_Task statement_.
The answer is to be the lines of the material from its start through the line containing "Товары, полученные quicly", each copied exactly; no pictures.

_Listed records_.
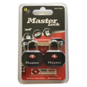 Set 2 ks visacích zámků o šířce 30 mm pro zavazadla schválen agenturou TSA. Hliníkové tělo zámku má ABS ochranný obal, jeho třmen z oceli o průměru 3 mm je odolný proti přeřezání a přestřižení. Zámek obsahuje cylindrickou vložku se 3 stavítky se společným klíčem. Součástí balení jsou 4 ks klíčů.
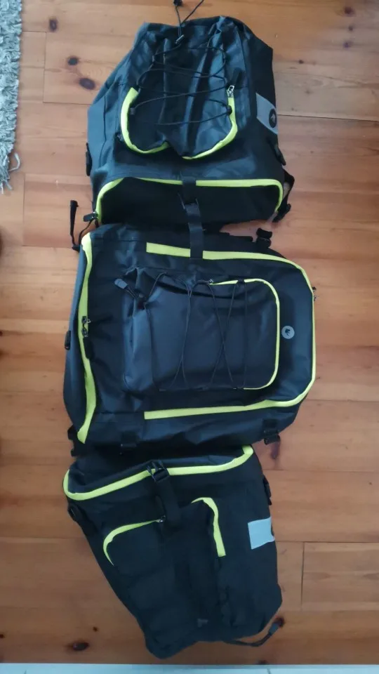 Товары, полученные quicly (полученные в течение 2 недель в Латвию), размер для боковых сумок может быть немного больше, так что мой ноутбук может иметь безопасное место на работе. Материал выглядит хорошо (он выглядит как водонепроницаемый, еще не проверил его, но выглядит очень многообещающим), прострочка может быть улучшена (есть несколько мест, где были Висячие швы), молнии выглядят водонепроницаемо, но их открытие/закрытие в углах сложно (так как мешки были компактно сложены, молния трудна в тех местах, где можно двигаться). Расстраивается в том, что одна из полосок для боковых сумок отсутствует (для использования как сумка-Болванка, я наделась, чтобы иметь 2 полоски (1 для каждой сумки), но после проверки всей сумки и всех карманов была только 1 полоска). Система как положить сумки на велосипед легко.
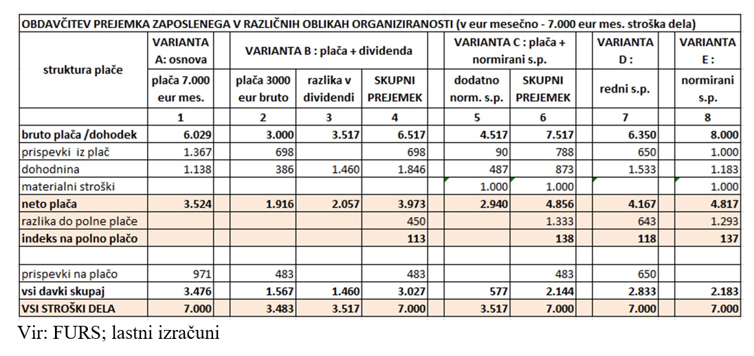 Seveda imamo glede teh izračunov lahko veliko zadržkov in vse opcije razumljivo niso uporabne za vse zaposlene. Če nekomu podjetje namenja 7.000 eur bruto stroška dela, je to lahko samo v obliki plače. Če pa gre za družbo v lasti posameznika, pa si ta lahko del prejemkov izplačuje tudi v obliki dividend, kar je davčno ugodneje in kar seveda veliko podjetnikov tudi prakticira. Če pa nekdo za dodatno delo izven firme denimo zasluži 40 tisoč eur letno, pa bo davčno bistveno ugodneje obravnavan, če to fakturira kot normirani samostojni podjetnik. Tudi tu imamo sicer precej omejitev in potrebno je izpolniti določene pogoje, da lahko dodatno delo opravljamo preko normiranega s.p., a če bi te osebe danes opravljale to delo v obliki redne ali povečane plače je nesporno, da bi bila davčna bremena bistveno višja. Zaradi tega se je v zadnjih letih tudi tako močno povečalo število tovrstnih podjetnikov.
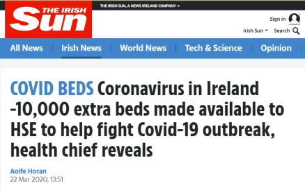 愛(ài)爾蘭衛(wèi)生部負(fù)責(zé)人宣布將增加10,000張床位以幫助抵抗疫情,并同時(shí)在體育館和大學(xué)建設(shè)大型醫(yī)院,盡快滿足普通病患醫(yī)療需求。
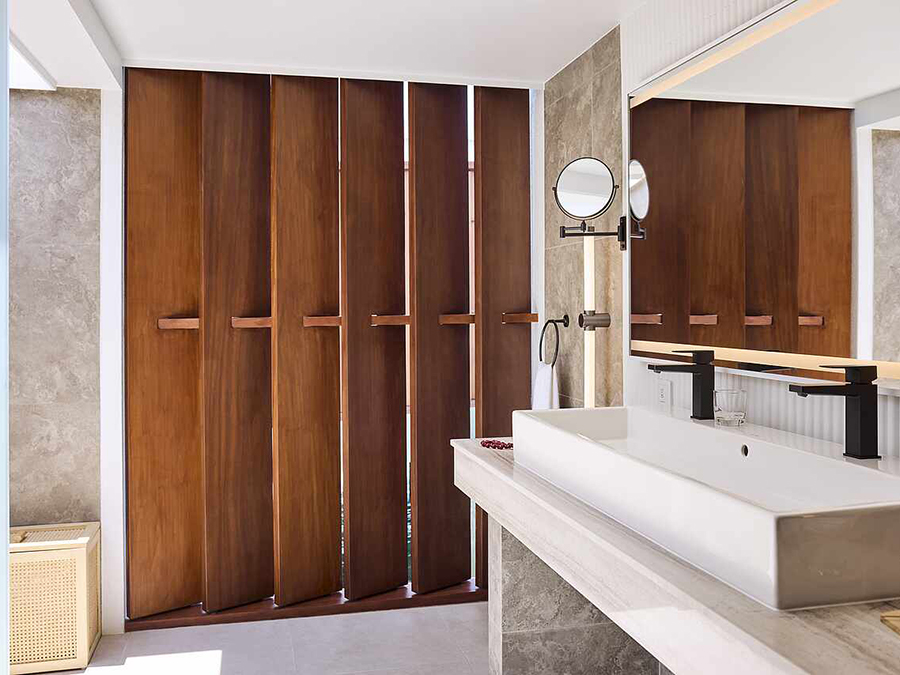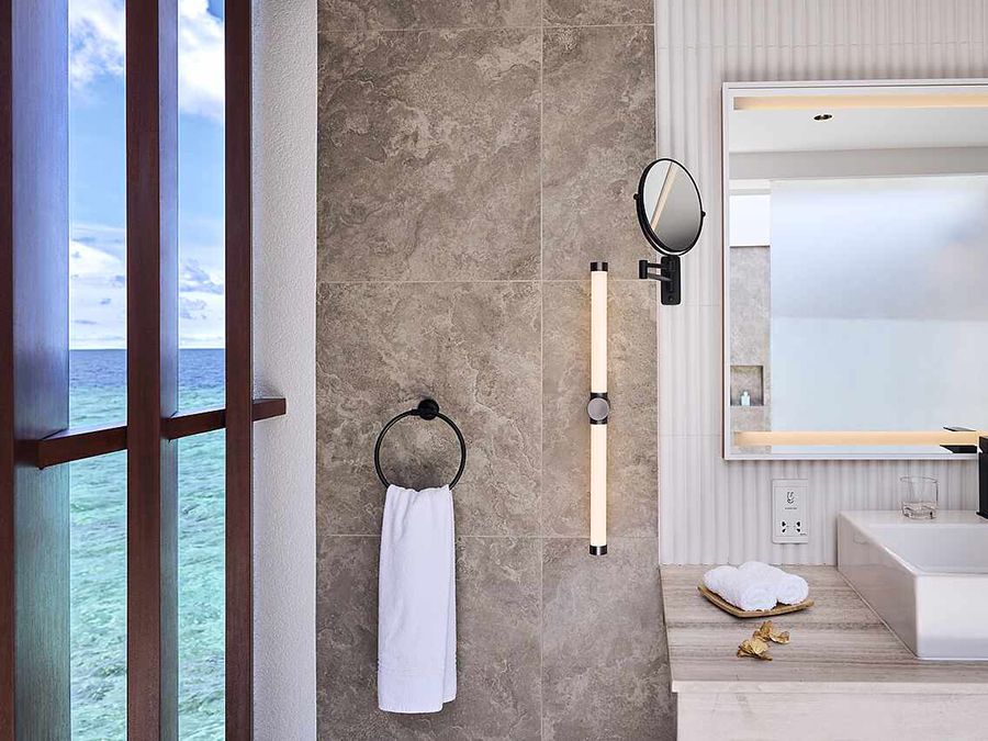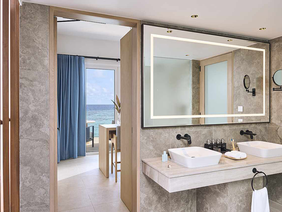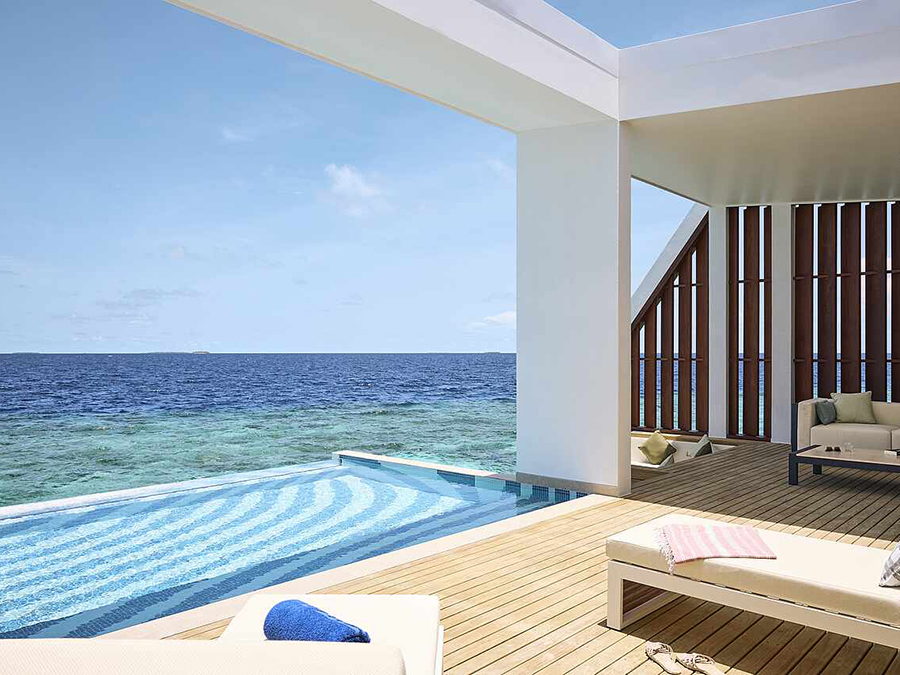 房型介绍:别墅位置绝佳,可以住4个人。浴室配有2个淋浴(1个露天淋浴)、独立卫生间、浴袍、拖鞋、吹风机、化妆镜。露台(部分覆盖):配有日光浴和休息区、带私人泳池(约24平方米)和吊床的放松区,或带日光浴和休息区、私人泳池(约24平方米)以及悬于海上的躺椅网。

_Solution to this task_.
 Set 2 ks visacích zámků o šířce 30 mm pro zavazadla schválen agenturou TSA. Hliníkové tělo zámku má ABS ochranný obal, jeho třmen z oceli o průměru 3 mm je odolný proti přeřezání a přestřižení. Zámek obsahuje cylindrickou vložku se 3 stavítky se společným klíčem. Součástí balení jsou 4 ks klíčů.
 Товары, полученные quicly (полученные в течение 2 недель в Латвию), размер для боковых сумок может быть немного больше, так что мой ноутбук может иметь безопасное место на работе. Материал выглядит хорошо (он выглядит как водонепроницаемый, еще не проверил его, но выглядит очень многообещающим), прострочка может быть улучшена (есть несколько мест, где были Висячие швы), молнии выглядят водонепроницаемо, но их открытие/закрытие в углах сложно (так как мешки были компактно сложены, молния трудна в тех местах, где можно двигаться). Расстраивается в том, что одна из полосок для боковых сумок отсутствует (для использования как сумка-Болванка, я наделась, чтобы иметь 2 полоски (1 для каждой сумки), но после проверки всей сумки и всех карманов была только 1 полоска). Система как положить сумки на велосипед легко.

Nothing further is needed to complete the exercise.